*** Block opens ***

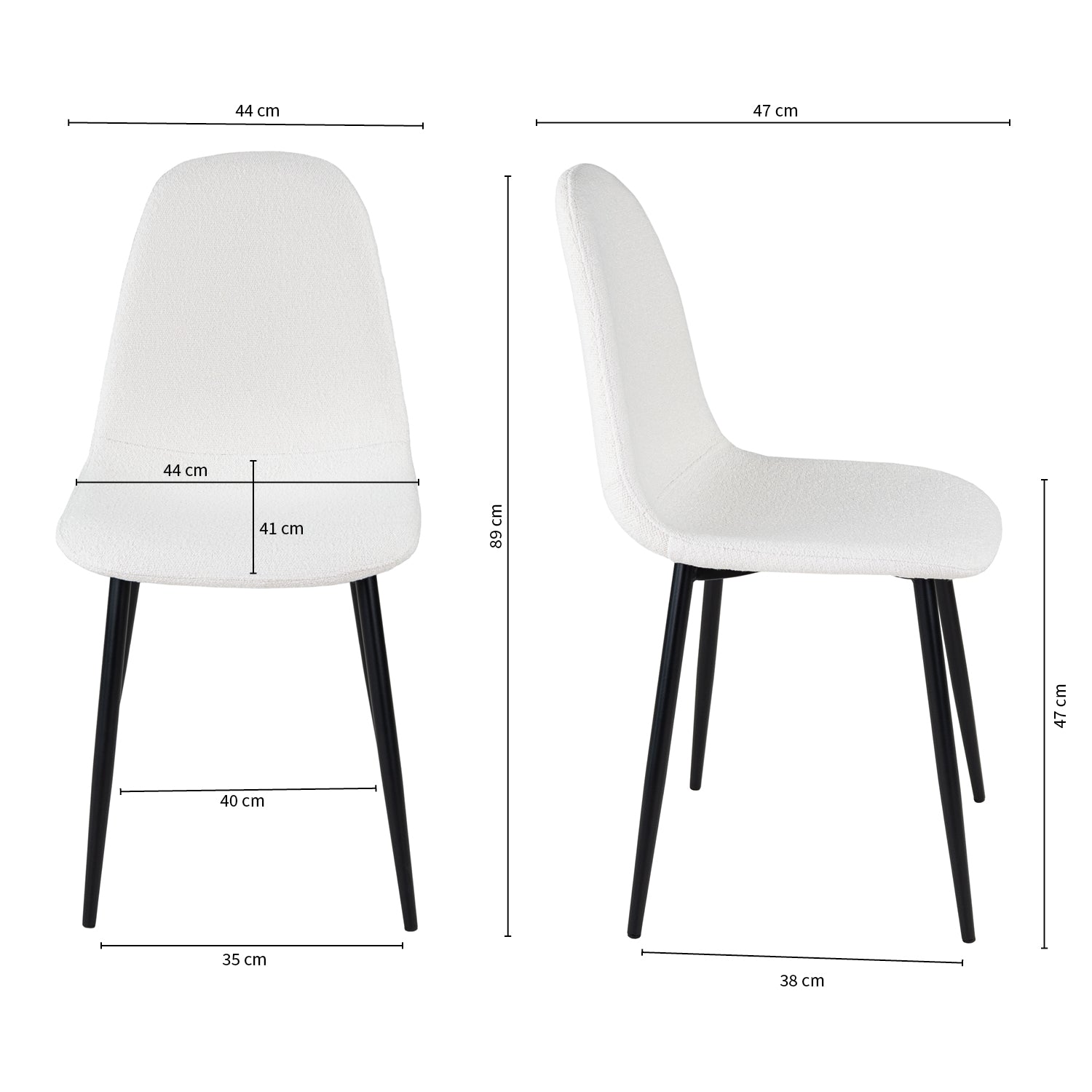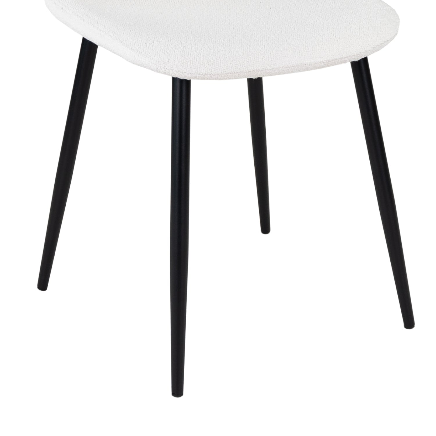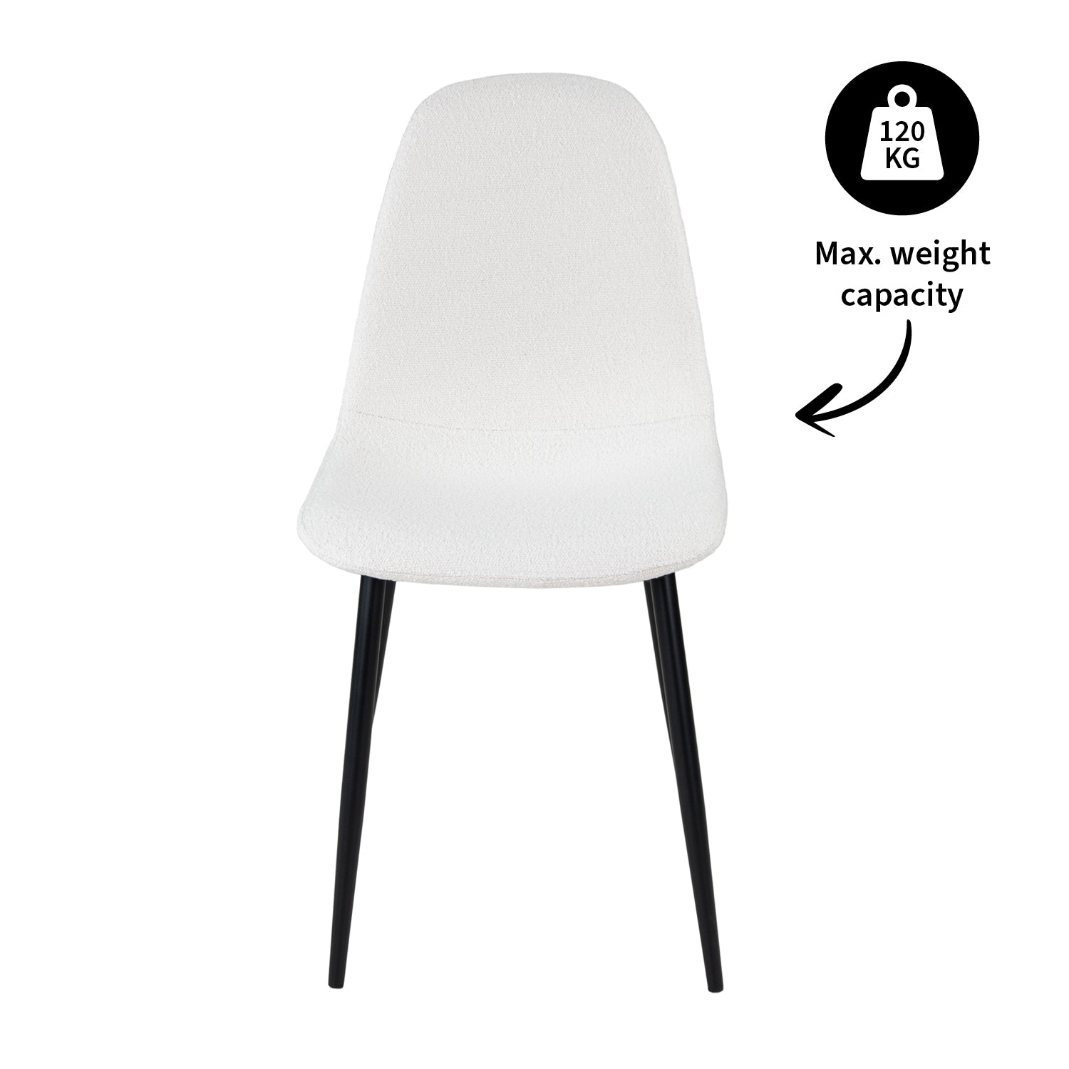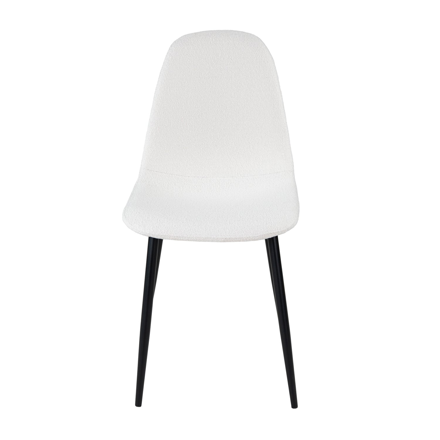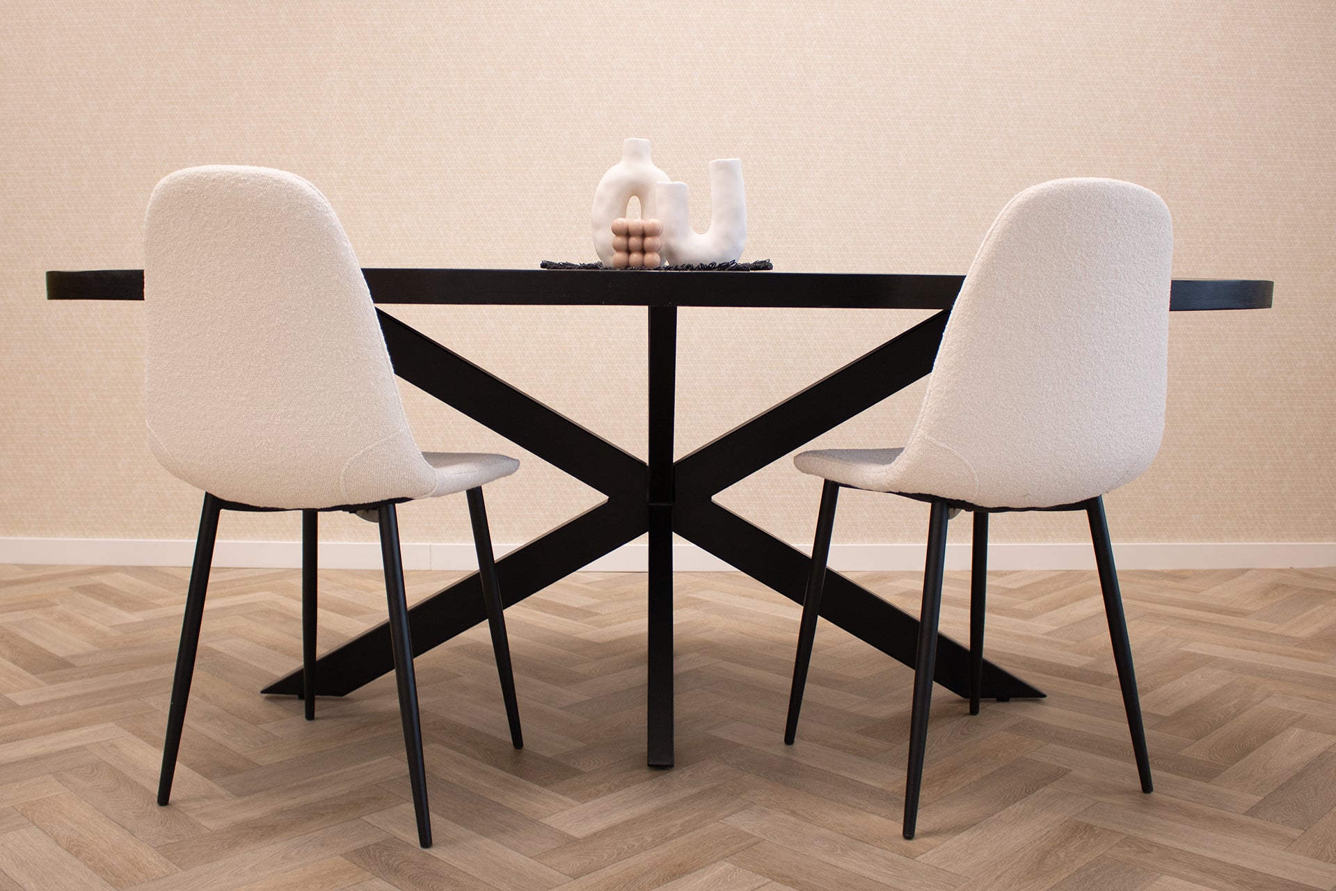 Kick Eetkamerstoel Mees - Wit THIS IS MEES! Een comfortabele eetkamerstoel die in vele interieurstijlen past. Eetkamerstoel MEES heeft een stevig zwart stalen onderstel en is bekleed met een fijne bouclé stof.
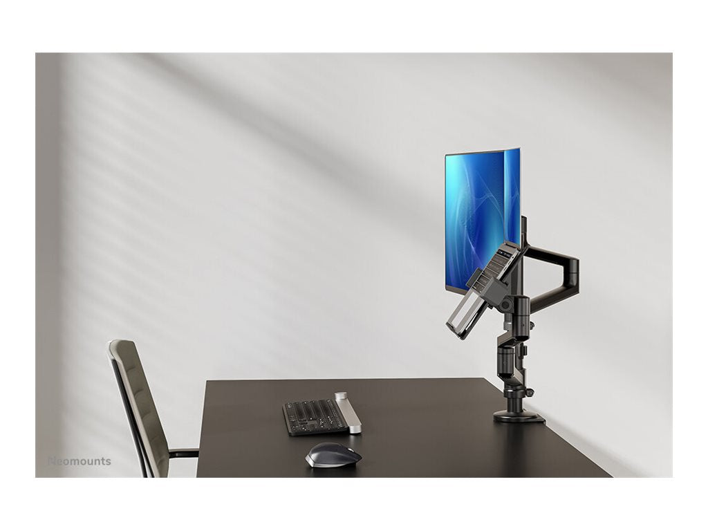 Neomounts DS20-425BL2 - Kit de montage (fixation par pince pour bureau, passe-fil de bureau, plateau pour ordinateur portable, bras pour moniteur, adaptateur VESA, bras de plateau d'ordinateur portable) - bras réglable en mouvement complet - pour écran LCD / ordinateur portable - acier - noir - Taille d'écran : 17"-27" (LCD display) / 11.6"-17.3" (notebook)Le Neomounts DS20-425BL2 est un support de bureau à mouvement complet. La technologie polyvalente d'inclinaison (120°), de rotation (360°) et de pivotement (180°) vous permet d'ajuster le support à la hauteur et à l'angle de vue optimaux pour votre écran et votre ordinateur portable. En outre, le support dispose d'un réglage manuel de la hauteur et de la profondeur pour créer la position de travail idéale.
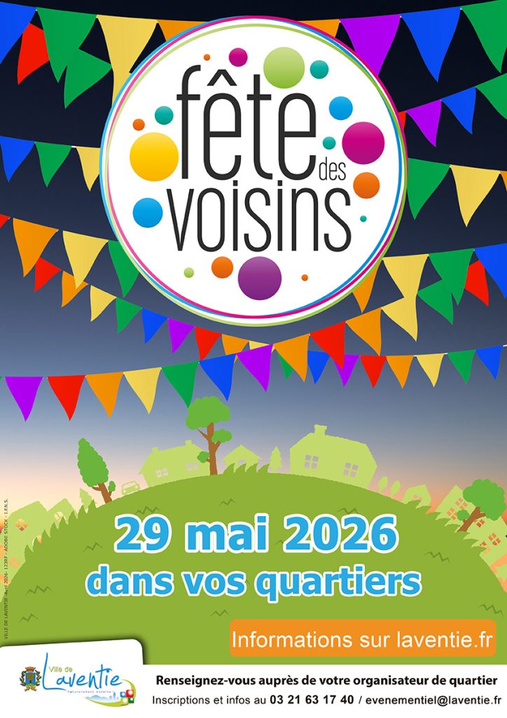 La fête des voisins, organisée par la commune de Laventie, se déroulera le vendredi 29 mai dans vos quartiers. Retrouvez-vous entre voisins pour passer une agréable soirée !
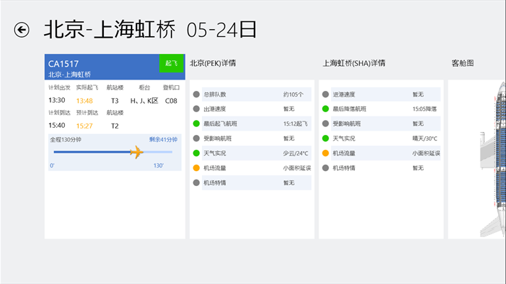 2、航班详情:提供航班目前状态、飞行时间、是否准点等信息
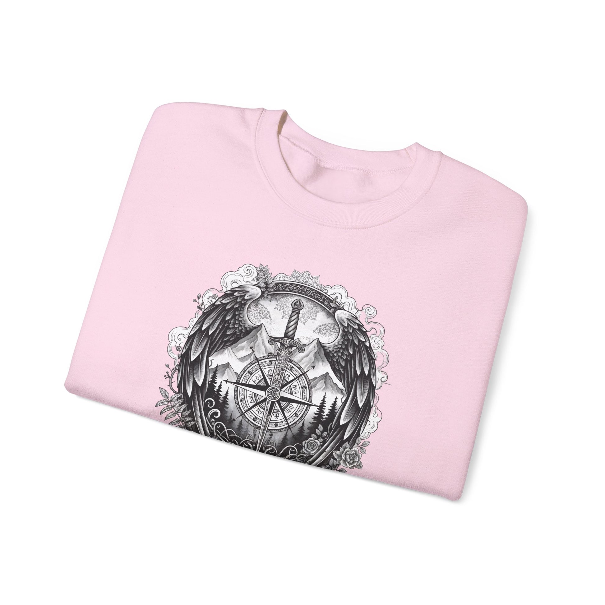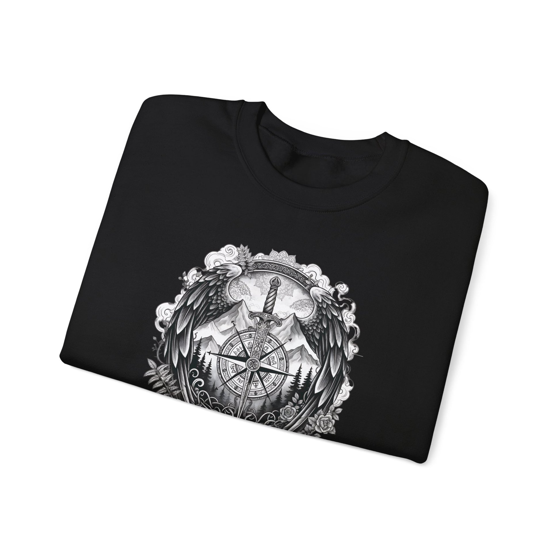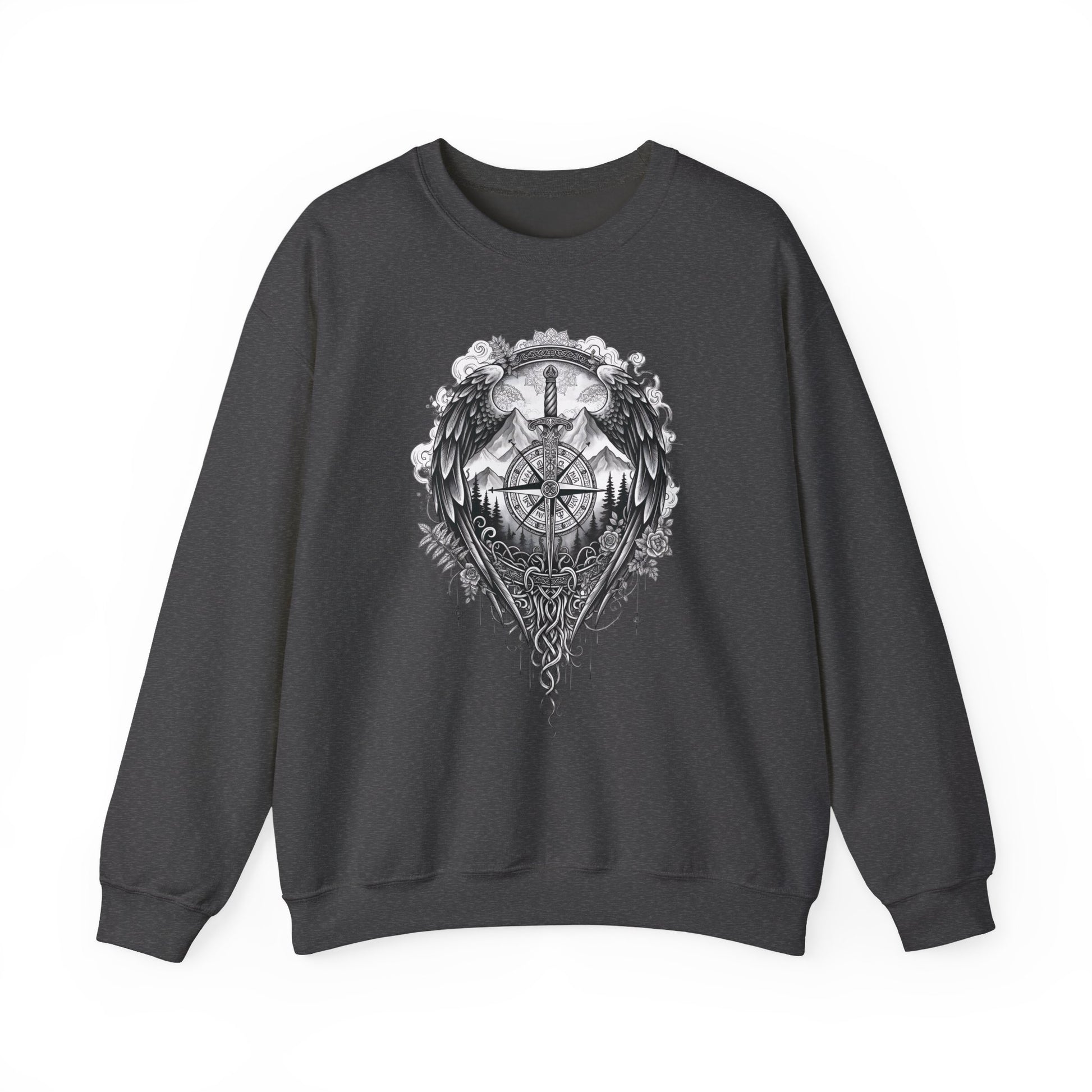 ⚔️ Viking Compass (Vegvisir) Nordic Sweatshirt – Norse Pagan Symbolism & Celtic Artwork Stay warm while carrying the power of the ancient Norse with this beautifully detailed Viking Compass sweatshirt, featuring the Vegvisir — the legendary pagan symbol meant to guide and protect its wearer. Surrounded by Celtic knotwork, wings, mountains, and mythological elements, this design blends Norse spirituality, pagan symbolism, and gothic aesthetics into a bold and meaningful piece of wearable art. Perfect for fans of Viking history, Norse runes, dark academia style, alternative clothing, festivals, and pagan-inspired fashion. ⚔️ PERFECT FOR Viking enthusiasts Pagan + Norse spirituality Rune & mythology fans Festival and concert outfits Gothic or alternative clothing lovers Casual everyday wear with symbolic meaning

*** Block closes ***

Everything in the records above should come back word for word, except the pictures.

### SOLUTION FOR THIS PROBLEM
 Kick Eetkamerstoel Mees - Wit THIS IS MEES! Een comfortabele eetkamerstoel die in vele interieurstijlen past. Eetkamerstoel MEES heeft een stevig zwart stalen onderstel en is bekleed met een fijne bouclé stof.
 Neomounts DS20-425BL2 - Kit de montage (fixation par pince pour bureau, passe-fil de bureau, plateau pour ordinateur portable, bras pour moniteur, adaptateur VESA, bras de plateau d'ordinateur portable) - bras réglable en mouvement complet - pour écran LCD / ordinateur portable - acier - noir - Taille d'écran : 17"-27" (LCD display) / 11.6"-17.3" (notebook)Le Neomounts DS20-425BL2 est un support de bureau à mouvement complet. La technologie polyvalente d'inclinaison (120°), de rotation (360°) et de pivotement (180°) vous permet d'ajuster le support à la hauteur et à l'angle de vue optimaux pour votre écran et votre ordinateur portable. En outre, le support dispose d'un réglage manuel de la hauteur et de la profondeur pour créer la position de travail idéale.
 La fête des voisins, organisée par la commune de Laventie, se déroulera le vendredi 29 mai dans vos quartiers. Retrouvez-vous entre voisins pour passer une agréable soirée !
 2、航班详情:提供航班目前状态、飞行时间、是否准点等信息
 ⚔️ Viking Compass (Vegvisir) Nordic Sweatshirt – Norse Pagan Symbolism & Celtic Artwork Stay warm while carrying the power of the ancient Norse with this beautifully detailed Viking Compass sweatshirt, featuring the Vegvisir — the legendary pagan symbol meant to guide and protect its wearer. Surrounded by Celtic knotwork, wings, mountains, and mythological elements, this design blends Norse spirituality, pagan symbolism, and gothic aesthetics into a bold and meaningful piece of wearable art. Perfect for fans of Viking history, Norse runes, dark academia style, alternative clothing, festivals, and pagan-inspired fashion. ⚔️ PERFECT FOR Viking enthusiasts Pagan + Norse spirituality Rune & mythology fans Festival and concert outfits Gothic or alternative clothing lovers Casual everyday wear with symbolic meaning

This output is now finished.